For shops cross-shopping different cells, V-process line covers a competing non-laser forming technology that is often benchmarked against laser cutting on thick plate, and the laser level entry covers the alignment tooling that shows up at the beam-calibration station of every fibre-laser assembly line [S1][S4].
Selection map: which source for which job
The decision matrix on the shop floor is short. CO2 wins on cost-per-watt and on thick ferrous plate, fibre wins on non-ferrous absorption, fibre delivery and integration into robotic or 3D cells, and CO2 still owns the non-metal cutting of acrylic, wood, fabric and leather where its 10.7 µm wavelength is preferentially absorbed [S1][S2]. GWEIKE's catalogue splits its product centre explicitly along that line — GH fibre machines for sheet metal and tube, separate CO2 machines for non-metal work [S2] — which is a clean specifier's rule: choose by the dominant material, not by the wattage.
For a working price reference across the whole laser family, the fiber laser welder price map covers the same wattage brackets and the same 2026 sourcing reality that cutting-machine buyers face. Adjacent selection guides worth scanning before signing a PO are the aluminum extrusion profile selection guide for shops cutting 6061/6063 profiles, and the ball screw manufacturing process reference for anyone auditing the motion subsystem inside the gantry.

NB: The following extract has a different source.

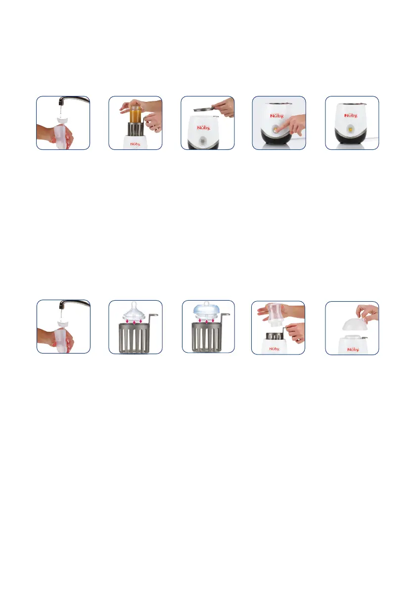 6. Una vez que ha finalizado el proceso de calentamiento, deje que el calentador se enfríe. Quite la mamadera y agítela bien (durante unos 10 segundos*)

The next verifiable node to watch is the rollout of 30 kW+ fibre cutting machines on thick stainless and structural steel, where assist-gas economics — not raw laser power — are now the throughput bottleneck; the second signal is the migration of five-axis bevel heads from welding prep into standard cutting-machine catalogues, which GWEIKE has already productised in 2024 [S2].